Stored items from a collection:
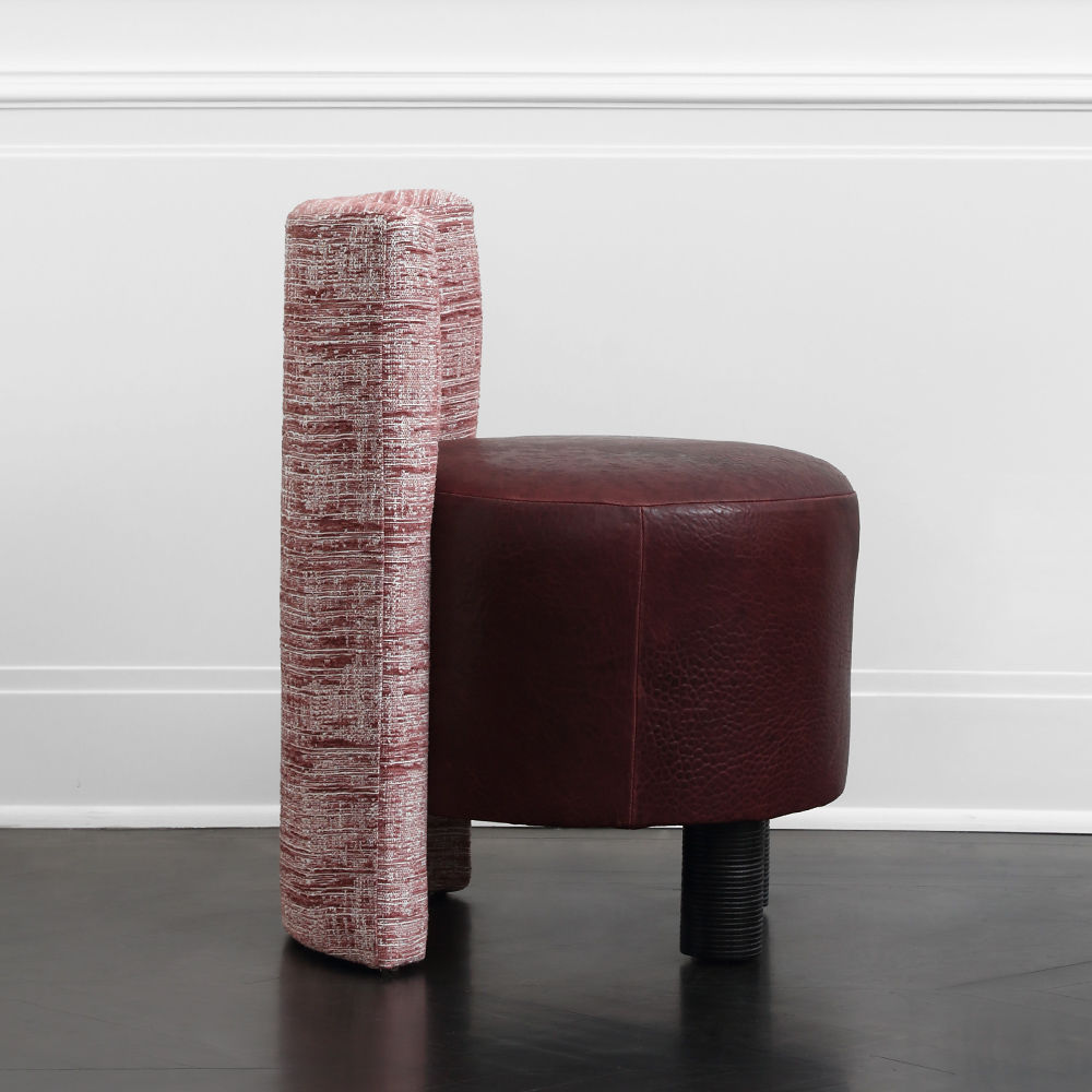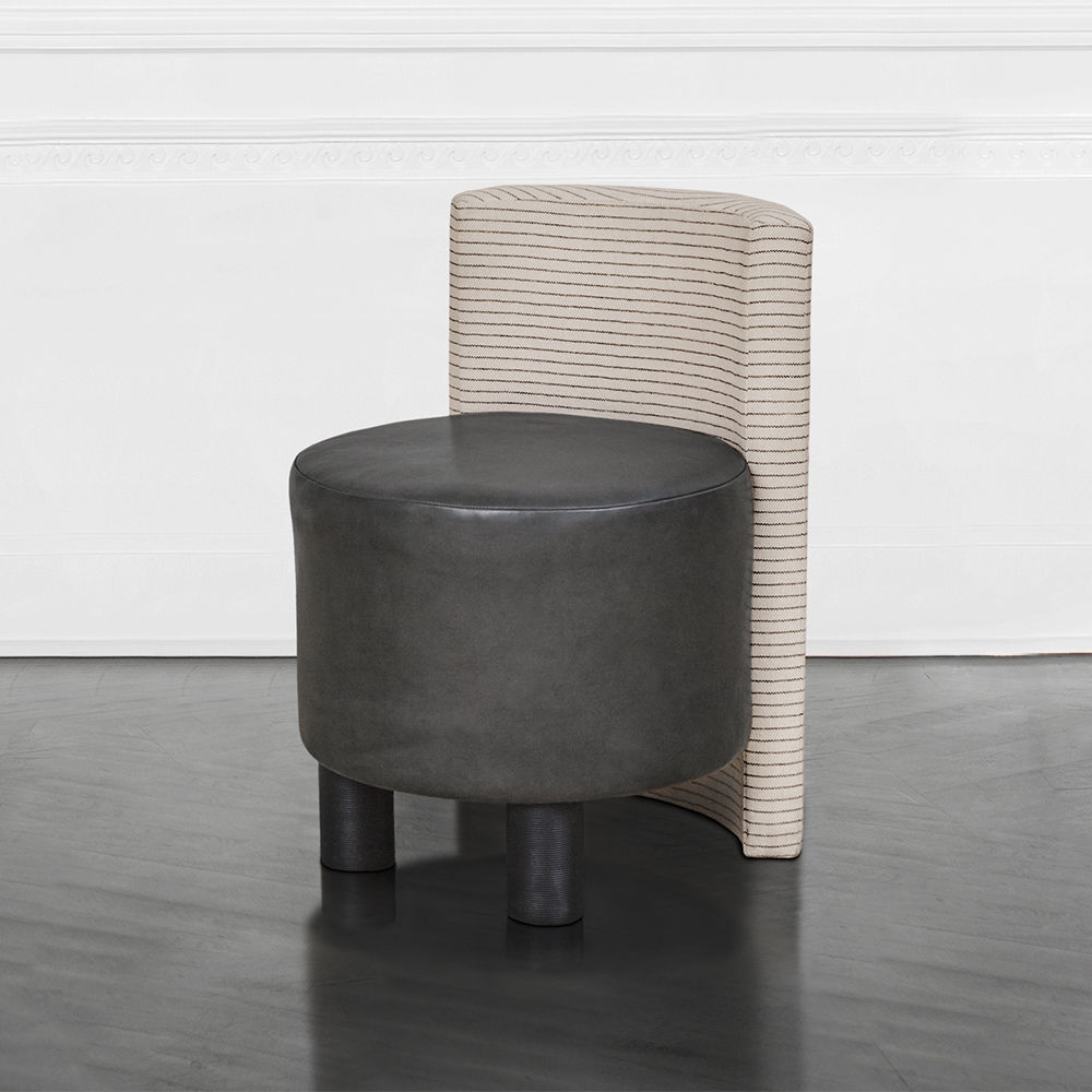 这种低矮的椅子或凳子结合了一些简单的体量和纹理,创造了一个戏剧性的临时座椅。鼓形座椅与垂直的背部相接,形成后肢,椅子的前部位于一对粗壮的圆柱形肋腿上。 这是梳妆台或休闲客厅布置的理想座位选择。 腿部饰面选项包括漂白,天然和黑檀木。 提供精选面料和皮革。
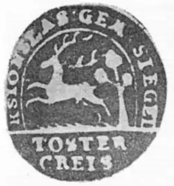Das Wappen bzw. Siegel zeigt Wild vor einem Baum.
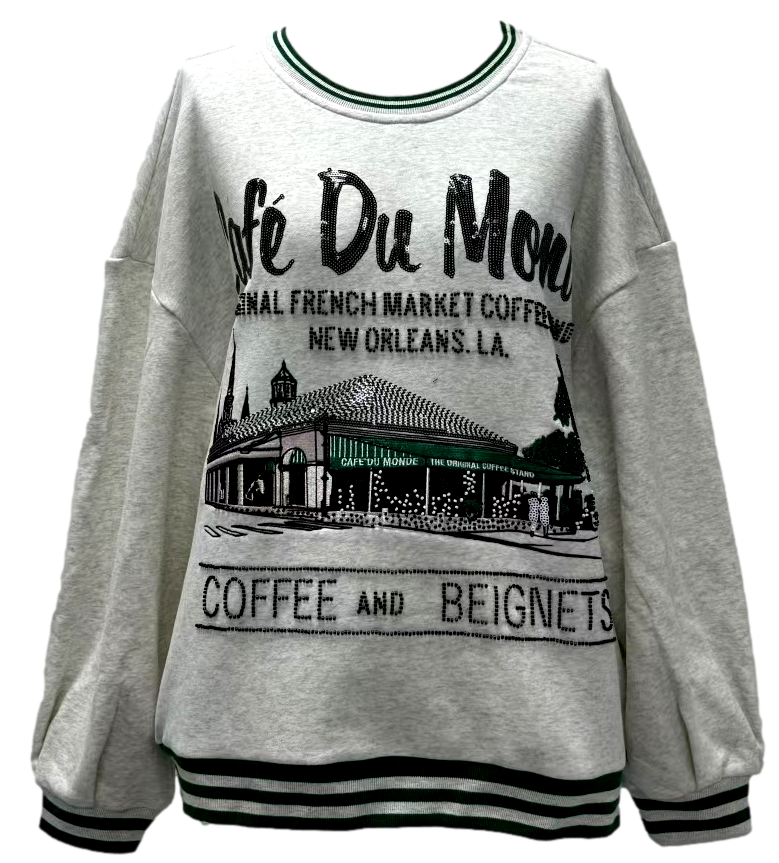 Grey Sport Stripe 'Cafe Du Monde' Sweatshirt- (Women's)
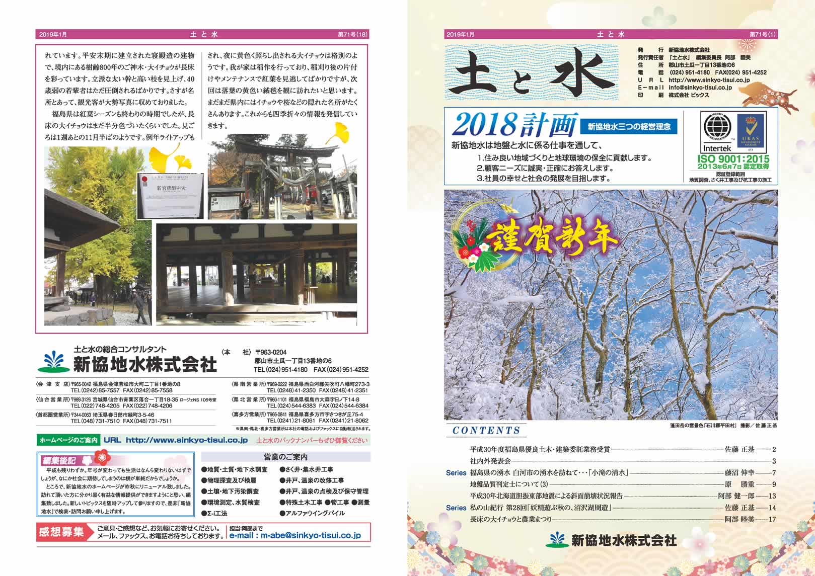 「土と水」第71号 2019年1月号を公開いたしました
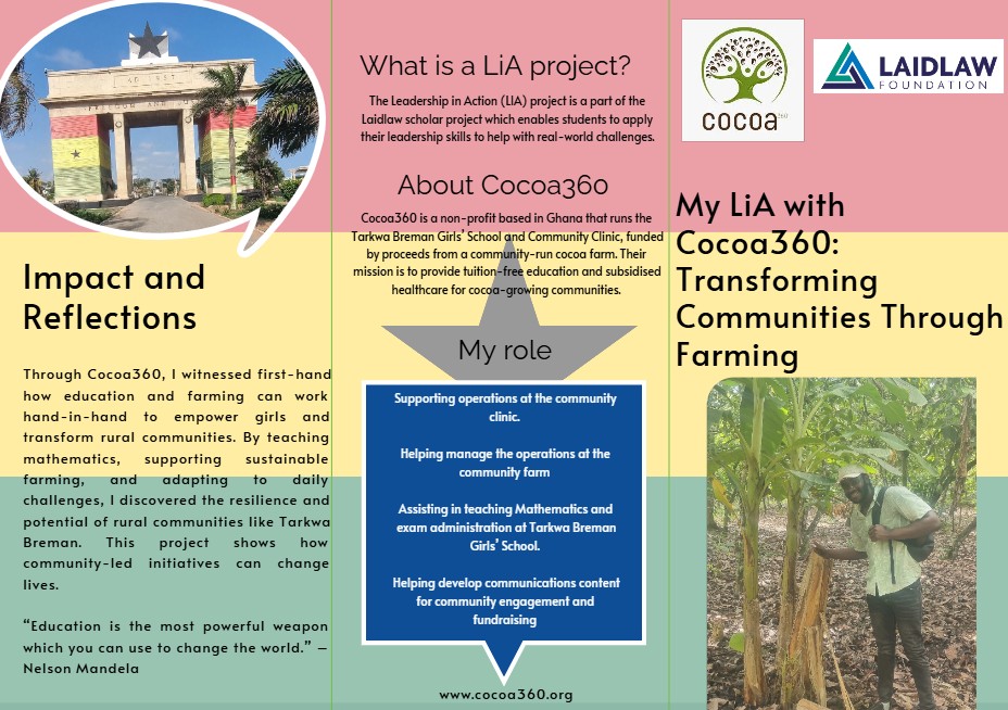 In 2025, I spent approximately four weeks in rural Ghana working with Cocoa360, an NGO whose mission is to leverage community-run cocoa farms to improve education and health (mainly in rural communities). This immersive Leadership in Action experience was based at the Tarkwa Breman Girls’ School (TBGS) and adjacent community health clinic. My role involved teaching mathematics to schoolgirls and supporting their sustainable farming operations. These tasks primarily focused on the following SDGs: SDG4 (Quality Education), SDG5 (Gender Equality), and SDG11 (Sustainable Cities and Communities), which reflect Cocoa360’s objectives and broader global aims. I will explore the challenges encountered, the leadership skills applied and developed, ethical considerations, and collaborative dynamics. Throughout, I will share anecdotes and insights into how this experience has reshaped my approach to leadership and my future ambitions.

▶ _Your task_: Copy out all of the data word for word. Do not carry over any picture.

▶ _Result for this exercise_:
 这种低矮的椅子或凳子结合了一些简单的体量和纹理,创造了一个戏剧性的临时座椅。鼓形座椅与垂直的背部相接,形成后肢,椅子的前部位于一对粗壮的圆柱形肋腿上。 这是梳妆台或休闲客厅布置的理想座位选择。 腿部饰面选项包括漂白,天然和黑檀木。 提供精选面料和皮革。
Das Wappen bzw. Siegel zeigt Wild vor einem Baum.
 Grey Sport Stripe 'Cafe Du Monde' Sweatshirt- (Women's)
 「土と水」第71号 2019年1月号を公開いたしました
 In 2025, I spent approximately four weeks in rural Ghana working with Cocoa360, an NGO whose mission is to leverage community-run cocoa farms to improve education and health (mainly in rural communities). This immersive Leadership in Action experience was based at the Tarkwa Breman Girls’ School (TBGS) and adjacent community health clinic. My role involved teaching mathematics to schoolgirls and supporting their sustainable farming operations. These tasks primarily focused on the following SDGs: SDG4 (Quality Education), SDG5 (Gender Equality), and SDG11 (Sustainable Cities and Communities), which reflect Cocoa360’s objectives and broader global aims. I will explore the challenges encountered, the leadership skills applied and developed, ethical considerations, and collaborative dynamics. Throughout, I will share anecdotes and insights into how this experience has reshaped my approach to leadership and my future ambitions.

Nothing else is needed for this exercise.